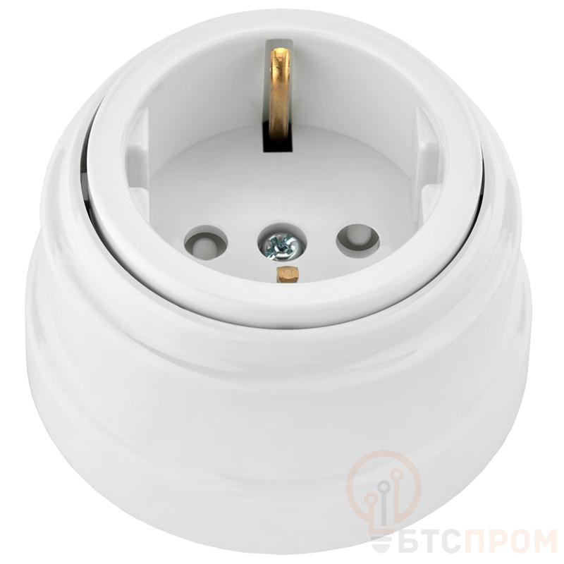 Розетка 1-м ОП РЕТРО 16А с заземл. со шторками бел. Bylectrica РА16-0206 фото в каталоге от BTSprom.by
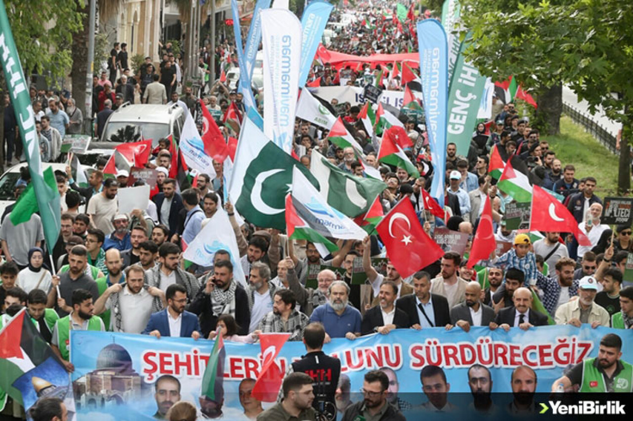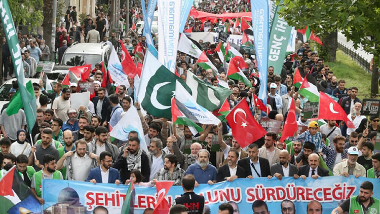 "Mavi Marmara onurumuzdur" sloganı atarak yürüyen grubun çevresinde polis ekipleri yoğun güvenlik önlemi aldı.
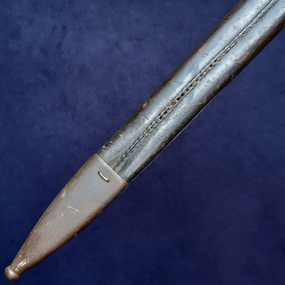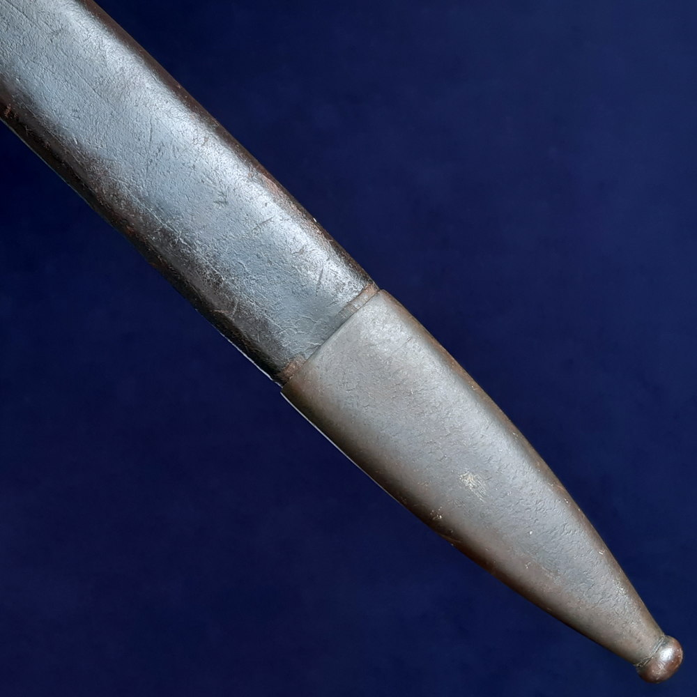 Some light patination to the blade overall, with a few darker spots. The hilt and pommel were originally painted black and much of this is still present, with some wear exposing patinated steel. Some dents and light handling wear to the wood grip. The pommel can rotate slightly in place, although the grip is solid in the hand. The seam of the scabbard has opened slightly in one section towards the chape. The scabbard fittings are darkly patinated with some scratching.
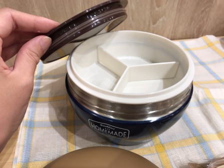 中に仕切りがあり キャリーランチ以外にも スープジャーをいれたいときには 仕切りの部分に入れて固定することが できます。
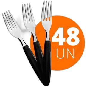 COMPONENTES DO KIT: - 48 Garfo de Mesa Ipanema com Lâmina em Aço Inox e Cabo de Polipropileno Preto - Tramontina 23362400
• • • •
» **Work instruction**
Using the records above, output an exact copy without any pictures.

» **Answer box**
 Розетка 1-м ОП РЕТРО 16А с заземл. со шторками бел. Bylectrica РА16-0206 фото в каталоге от BTSprom.by
 "Mavi Marmara onurumuzdur" sloganı atarak yürüyen grubun çevresinde polis ekipleri yoğun güvenlik önlemi aldı.
 Some light patination to the blade overall, with a few darker spots. The hilt and pommel were originally painted black and much of this is still present, with some wear exposing patinated steel. Some dents and light handling wear to the wood grip. The pommel can rotate slightly in place, although the grip is solid in the hand. The seam of the scabbard has opened slightly in one section towards the chape. The scabbard fittings are darkly patinated with some scratching.
 中に仕切りがあり キャリーランチ以外にも スープジャーをいれたいときには 仕切りの部分に入れて固定することが できます。
 COMPONENTES DO KIT: - 48 Garfo de Mesa Ipanema com Lâmina em Aço Inox e Cabo de Polipropileno Preto - Tramontina 23362400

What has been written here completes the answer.